Envolvieron el cadáver en papeles de periódicos y comenzaron a caminar. Los tres individuos, Pilip, que no sabía muy bien qué hacer, y el perro, formaban una comitiva fúnebre algo grotesca. Después de andar menos de quince minutos, se pararon y comenzaron a cavar un hoyo. Depositaron al animal y luego lo cubrieron con algunas piedras.
—Has sido un buen amigo, un buen perro y que Dios te acoja en su seno. O el Diablo, eso espero, y así nos volveremos a encontrar en el otro mundo.
—Amén —contestó el resto.
Comenzaron a desandar el camino pero el pequeño perro no se separaba de las piedras.
—Goliat, ¡ven aquí! —le ordenó el hombre—. Tú no eres el único que le echará de menos.
El perro aulló y los siguió. Al llegar de nuevo al campamento, el hombre miró a Pilip, como si nada hubiese pasado. Las lágrimas habían dejado rastro en su rostro borrando parte de la suciedad que le cubría la cara.
—Soy Jeremías. —Se levantó y le estrechó la mano.
—Hola, yo soy Pilip.
—Pilip, estos son Raúl y Pancho. —Presentó a sus dos compañeros que tan solo hicieron un gesto con la cabeza y continuación se sentaron.
—Esto... —No sabía por dónde empezar. Qué iba a decirles, ¿que estaba desesperado? ¿Que tenía hambre?
—No tienes que decirnos nada, tan solo siéntate —y le señaló una roca.
—Yo, quería saber si… —se le secaba la boca— si sería posible coger algo de fruta...
—¿Pero cómo te atreves? —le interrumpió Raúl, pero Jeremías le hizo una señal para que guardara silencio.
—Perdona, tan sólo…, es que tengo hambre y eso es basura —reclamó indignado Pilip.
—No es basura, es nuestra comida. Y será mejor que nos hables con respeto. —Le apuntó con la mano y pudo ver varias heridas mal cicatrizadas, al igual que unas uñas llenas de tierra.
—Lo siento... —Se levantó para marcharse, totalmente abochornado por la situación.
—No te vayas. Tan solo te he dicho que guardes respeto. —Le tendió un bocadillo.
—Gracias. —Lo cogió y sin pensarlo dos veces le hincó el diente. El pan estaba duro y la mortadela mohosa, pero le supo a gloria bendita.

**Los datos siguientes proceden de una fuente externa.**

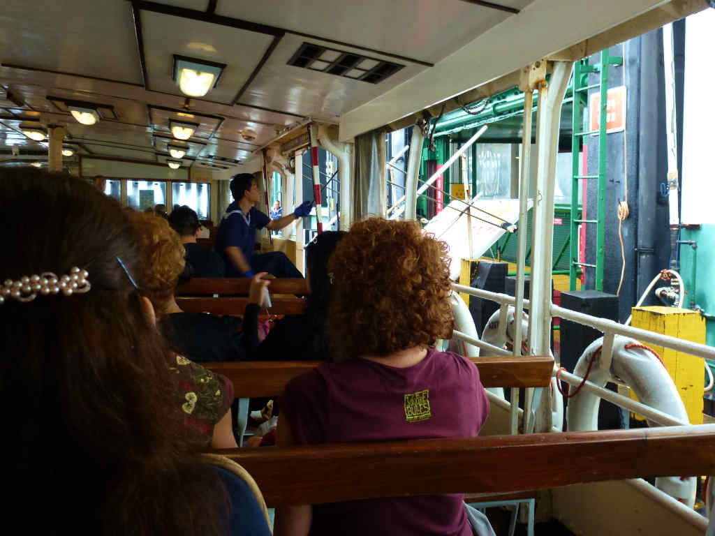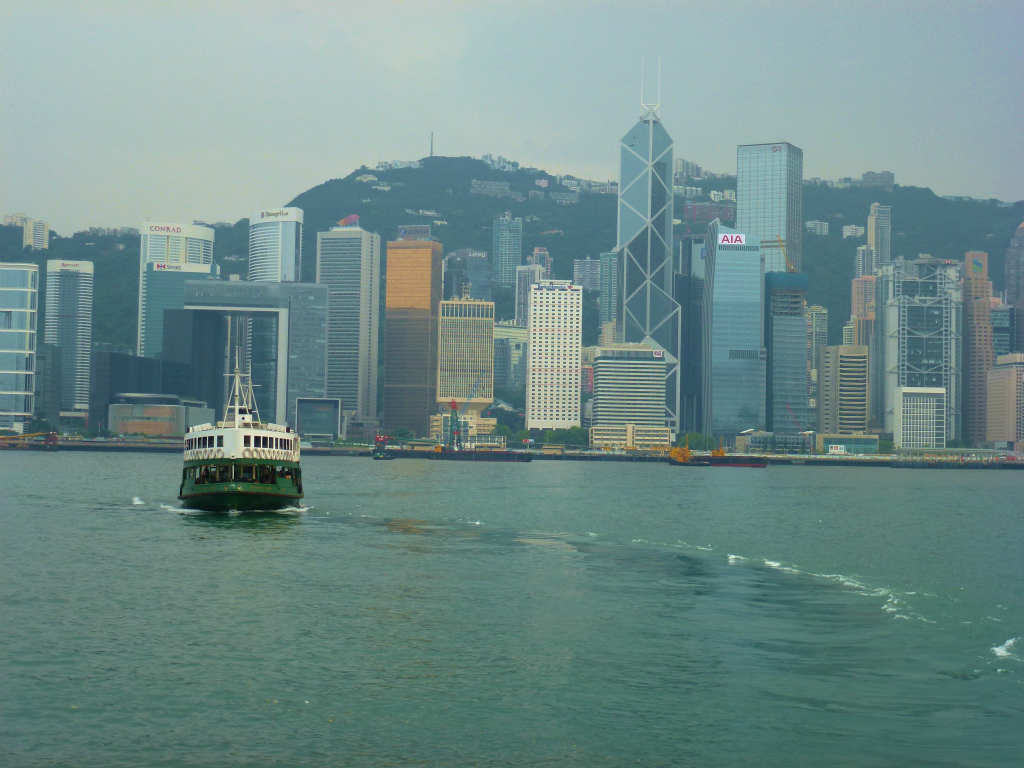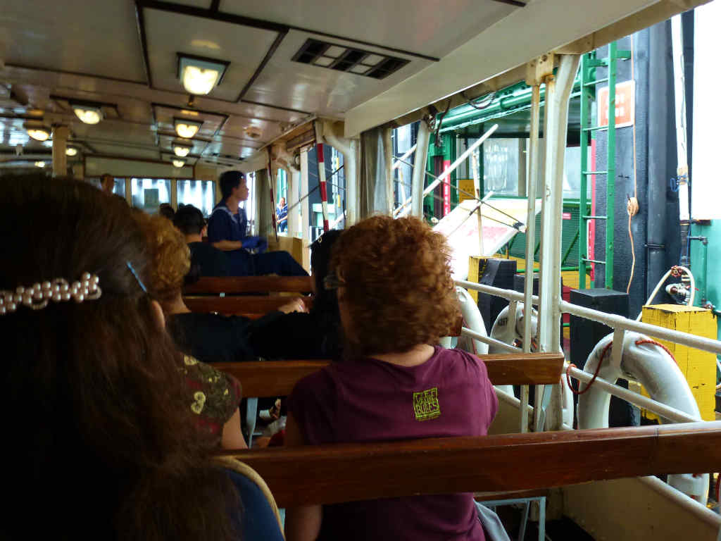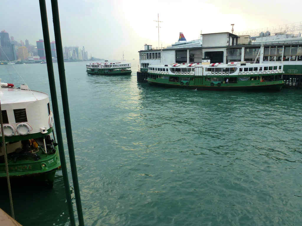 地下鉄が出来、香港島とカオルンを行き来するのにかなり楽になったとはいえ、地上の風景を楽しむならやはりスターフェリーは外せないでしょう。とはいえ、雨の中ではちともったいない乗船ではあるのですが。その場合は船の中を楽しむのが良しです。船着き場から離れる時の桟橋の上げるところや、イスのデザインがお☆さま、ああスターだからか、と納得してみたり。船の方向によってイスの背もたれが前後に変えられるとか。そんなところを楽しんでいるうちにいつの間にか対岸に着いてしまいます。
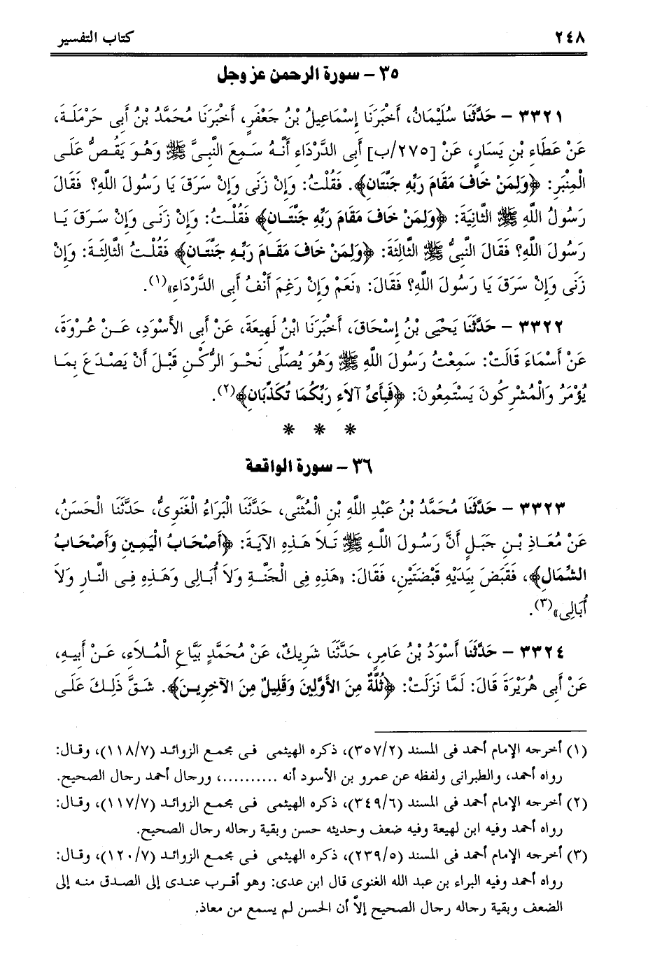 3321 - حَدَّثَنَا سُلَيْمَانُ، أَخْبَرَنَا إِسْمَاعِيلُ بْنُ جَعْفَرٍ، أَخْبَرَنَا مُحَمَّدُ بْنُ أَبِى حَرْمَلَةَ، عَنْ عَطَاءِ بْنِ يَسَارٍ، عَنْ أَبِى الدَّرْدَاءِ أَنَّهُ سَمِعَ النَّبِىَّ صلى الله عليه وسلم وَهُوَ يَقُصُّ عَلَى الْمِنْبَرِ: {وَلِمَنْ خَافَ مَقَامَ رَبِّهِ جَنَّتَانِ} . فَقُلْتُ: وَإِنْ زَنَى وَإِنْ سَرَقَ يَا رَسُولَ اللَّهِ؟ فَقَالَ رَسُولُ اللَّهِ صلى الله عليه وسلم الثَّانِيَةَ: {وَلِمَنْ خَافَ مَقَامَ رَبِّهِ جَنَّتَانِ} فَقُلْتُ: وَإِنْ زَنَى وَإِنْ سَرَقَ يَا رَسُولَ اللَّهِ؟ فَقَالَ النَّبِىُّ صلى الله عليه وسلم الثَّالِثَةَ: {وَلِمَنْ خَافَ مَقَامَ رَبِّهِ جَنَّتَانِ} فَقُلْتُ الثَّالِثَةَ: وَإِنْ زَنَى وَإِنْ سَرَقَ يَا رَسُولَ اللَّهِ؟ فَقَالَ: نَعَمْ وَإِنْ رَغِمَ أَنْفُ أَبِى الدَّرْدَاءِ.
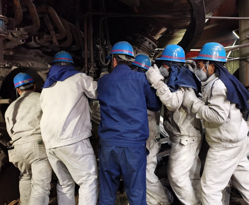12日早晨9點(diǎn)鐘,高爐風(fēng)口平臺上,溫度滾燙,但這絲毫不能阻擋參檢爐前工們奮進(jìn)的步伐。他們身著白色阻燃服,在熱浪拂面的14#風(fēng)口旁兩兩一組,精誠團(tuán)結(jié)、合力攻堅,一人雙手緊握鋼釬,一人使出全身力氣揮舞鐵錘,正全神貫注清理風(fēng)口套里面的殘渣……
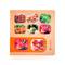 A cada doble pàgina cal trobar 4 fruites i hortalisses entre les 12 que proposem.
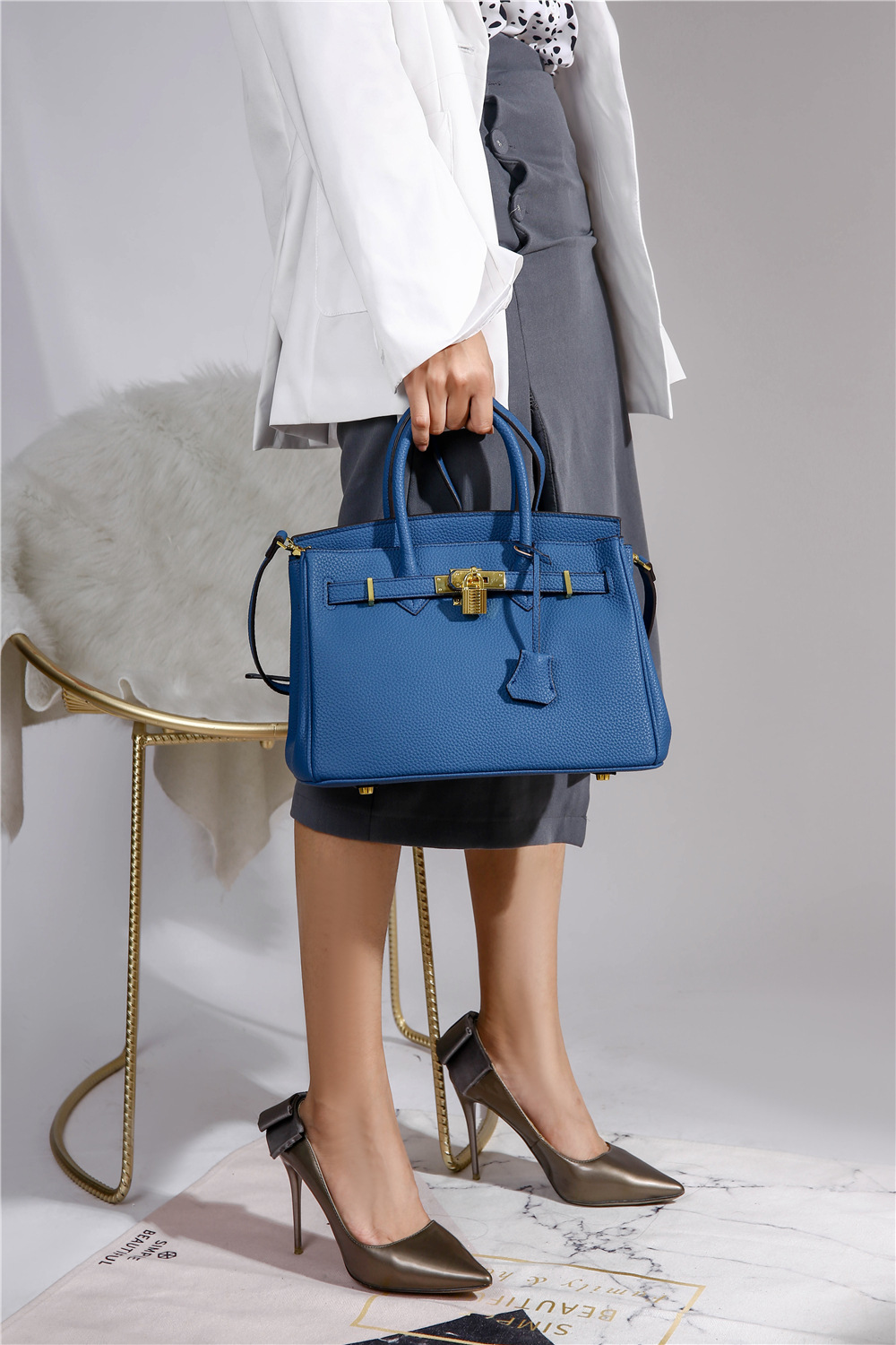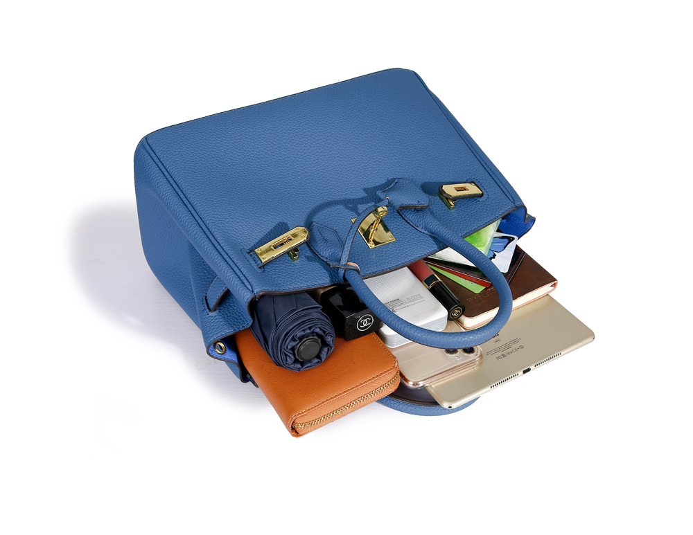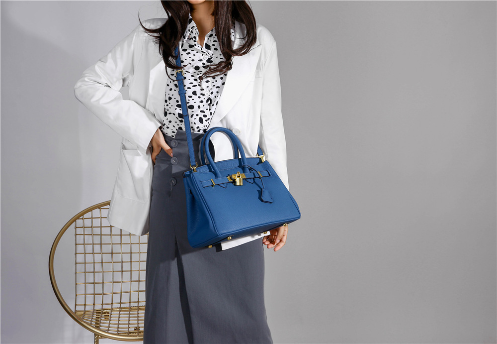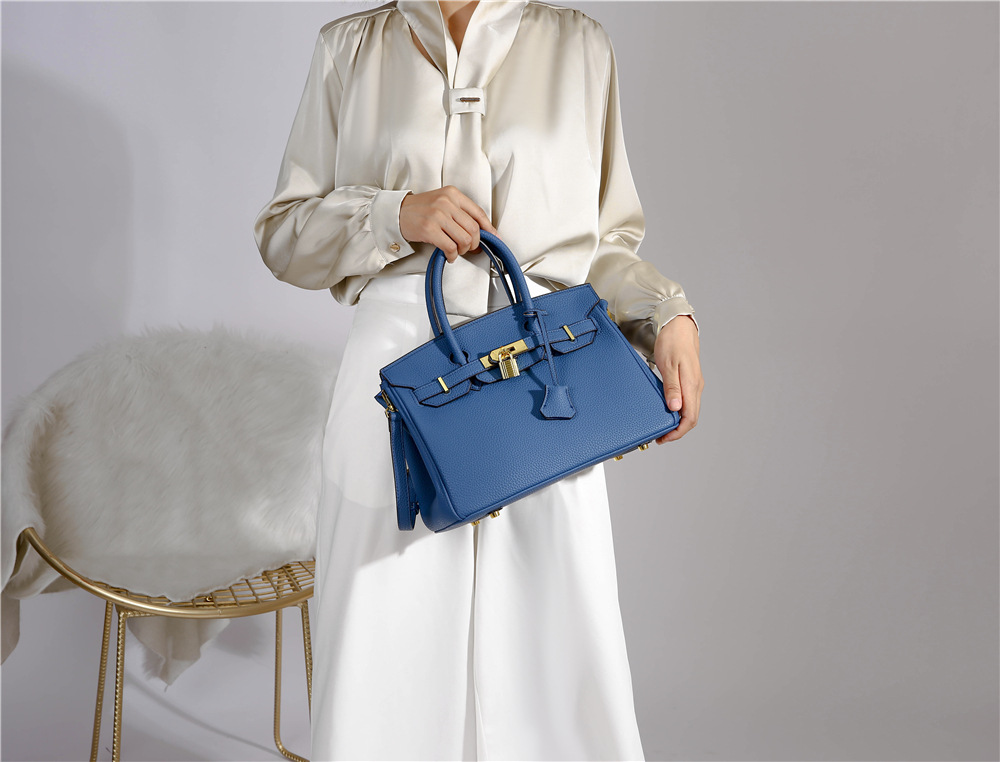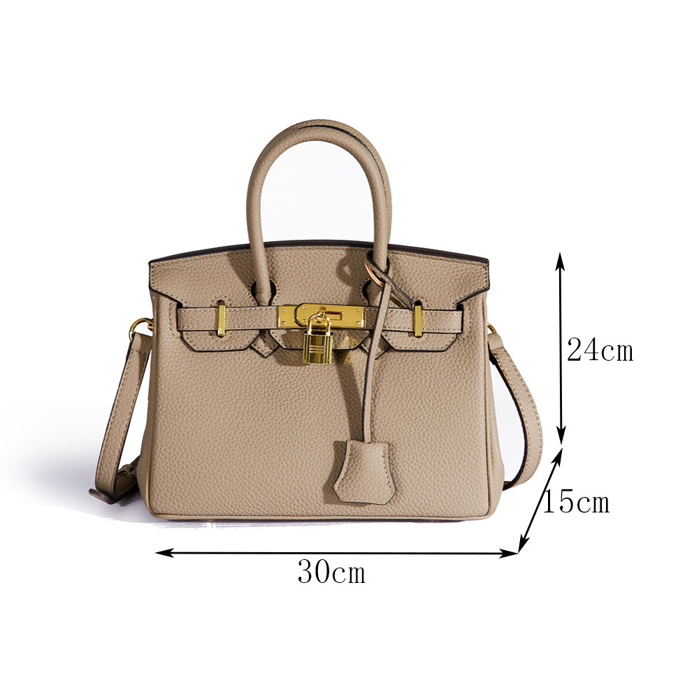 Kelly Bag Women's New Fashion Litchi Pattern Birkin Bag Large Capacity Commuter Bag One Shoulder Crossbody Handbags

—La comida no es gratis. Como puedes ver a tu alrededor esto es una comunidad —y señaló las tiendas—, cada uno utiliza una tienda para dormir, pero debes trabajar para ganártelo. —El perro salió de una de las casetas y se sentó junto a Jeremías.
—Trabajaré —dijo con la boca llena.
—Eso es lo que queremos oír —Le dio un trozo de pan al perro, que devoró rápidamente. Hizo una señal a los dos hombres para que los dejasen solos—. En esta pequeña ciudad que hemos construido hay normas y leyes, impuestas por nosotros. No tenemos las mismas normas de conducta que el mundo exterior —y señaló el edificio que estaba junto a ellos—. Ellos nos han dado la espalda y nosotros a ellos.
Después de terminar el bocadillo, Jeremías le mostró el campamento. Las tiendas tenían colchas que hacían la tarea de paredes y techo; estas reposaban sobre palos amarrados unos a otros y en alguna de ellas encontró hasta bloques de cemento.
—Puedes dormir en una de ellas —le ofreció el hombre.